Now multiply this on the left by a matrix that arises from considering block row elimination, namely:

\[\begin{equation*} \begin{bmatrix} \mathbf{I} & \mathbf{T}_1 & \\ & \mathbf{I} & \mathbf{T}_1\\ & & \mathbf{I} \end{bmatrix} \end{equation*}\]

to get

\[\begin{equation*} \begin{bmatrix} & \mathbf{T}_1^2 + \mathbf{T}_2 & \mathbf{T}_3 + \mathbf{T}_1\mathbf{T}_2 \\ -\mathbf{I} & & \mathbf{T}_1^2 + \mathbf{T}_2 \\ & -\mathbf{I} & \mathbf{T}_1 \end{bmatrix} . \end{equation*}\]

Now multiply this on the left by

\[\begin{equation*} \begin{bmatrix} \mathbf{I} & & \mathbf{T}_1^2 + \mathbf{T}_2 \\ & \mathbf{I} & \\ & & \mathbf{I} \end{bmatrix} \end{equation*}\]

to get

\[\begin{equation*} \begin{bmatrix} & & \mathbf{T}_3 + \mathbf{T}_1\mathbf{T}_2 + \left(\mathbf{T}_1^2 +\mathbf{T_2}\right)\mathbf{T}_1 \\ -\mathbf{I} & & \mathbf{T}_1^2 + \mathbf{T}_2 \\ & -\mathbf{I} & \mathbf{T}_1 \end{bmatrix} . \end{equation*}\]

This can be rearranged by block permutation to give a block upper triangular matrix with negative identity matrices along the main diagonal except for the final entry, which is \(\mathbf{T}_3 + \mathbf{T}_1\mathbf{T}_2 + \left(\mathbf{T}_1^2 +\mathbf{T_2}\right)\mathbf{T}_1\) or \(\mathbf{T}_3 + \mathbf{T}_1\mathbf{T}_2 +\mathbf{T_2}\mathbf{T}_1 + \mathbf{T}_1^3\).
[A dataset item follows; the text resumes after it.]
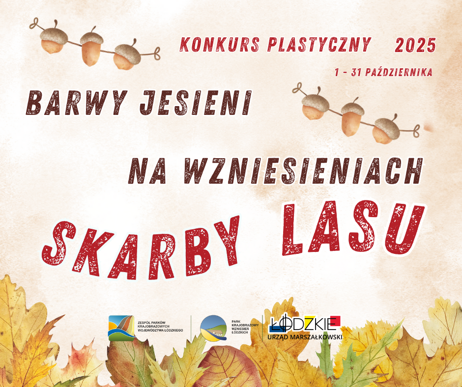 Serdecznie zapraszamy szkoły z terenu Parku Krajobrazowego Wzniesień Łódzkich do wzięcia udziału w konkursie plastycznym "Barwy jesieni na Wzniesieniach – skarby lasu” dla klas I-III.

This is clearly analogous to the scalar \(3\) by \(3\) case, except that there we had \(2t_2t_1\) whereas here we have both \(t_1t_2\) and \(t_2t_1\) and these are not the same because the block matrices will not necessarily commute.

This can be extended to the block dimension \(n\) case in a straightforward manner. But that’s about all we know about this problem!

[Go back to the activity]

Bohemian Activity 3#

Consider the matrix

(77)#\[\begin{equation} \mathbf{A} = \begin{bmatrix} -5 & 1 & 1 \\ -1 & 0 & -1 \\ 0 & -1 & 3 \end{bmatrix} \end{equation}\]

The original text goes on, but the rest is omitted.